• Task goal:
Working from the records below, repeat exactly the lines starting at the line that contains "Human Hair Lace" and ending at the line that contains "vestido corto de", inclusive.

• Record set:

::::

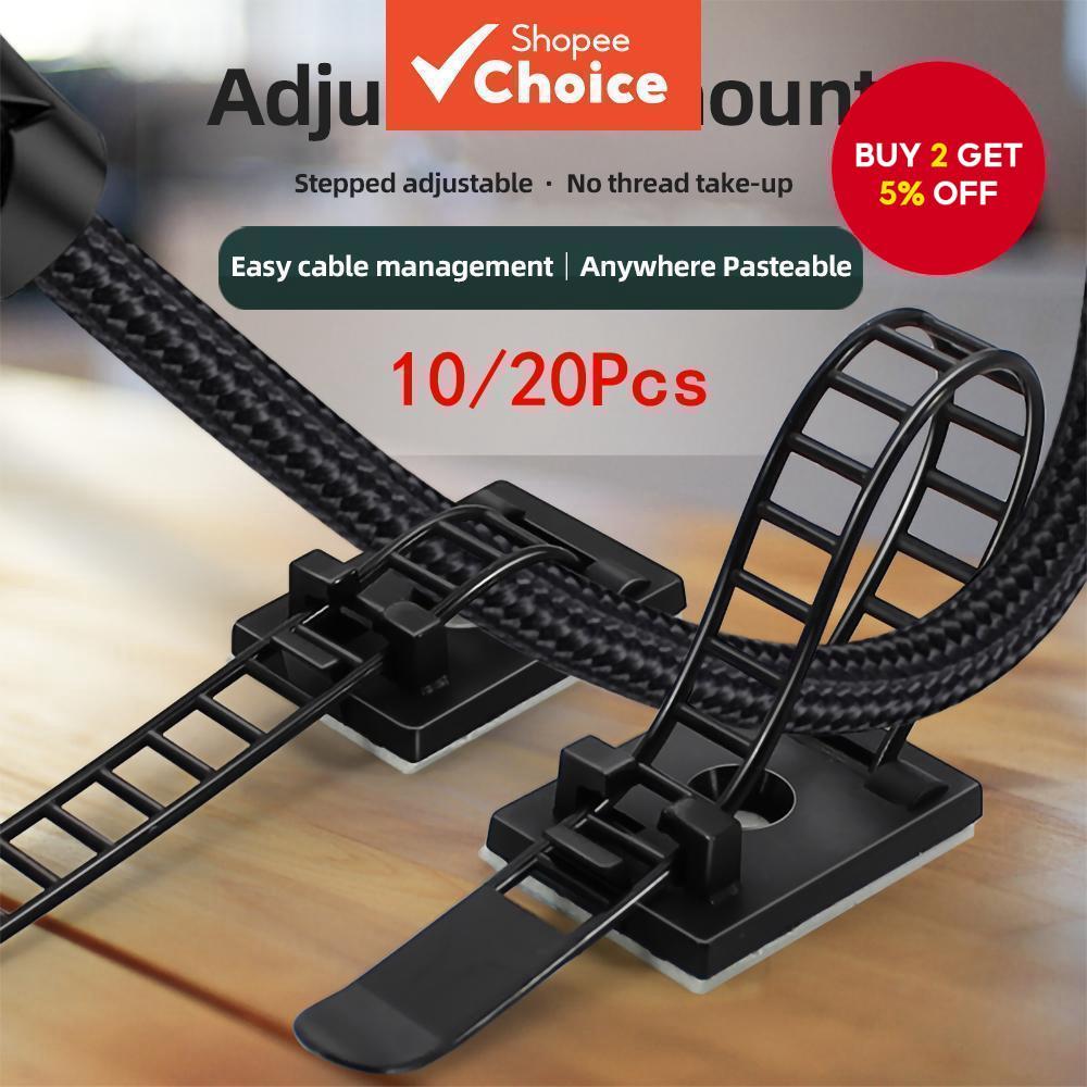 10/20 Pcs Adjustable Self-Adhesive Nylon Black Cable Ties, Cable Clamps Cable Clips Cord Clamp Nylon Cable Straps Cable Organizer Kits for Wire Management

::::

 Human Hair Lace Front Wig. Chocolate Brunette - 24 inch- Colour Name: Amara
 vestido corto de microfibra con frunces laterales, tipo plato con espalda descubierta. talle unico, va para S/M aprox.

::::

• Exercise answer:
 Human Hair Lace Front Wig. Chocolate Brunette - 24 inch- Colour Name: Amara
 vestido corto de microfibra con frunces laterales, tipo plato con espalda descubierta. talle unico, va para S/M aprox.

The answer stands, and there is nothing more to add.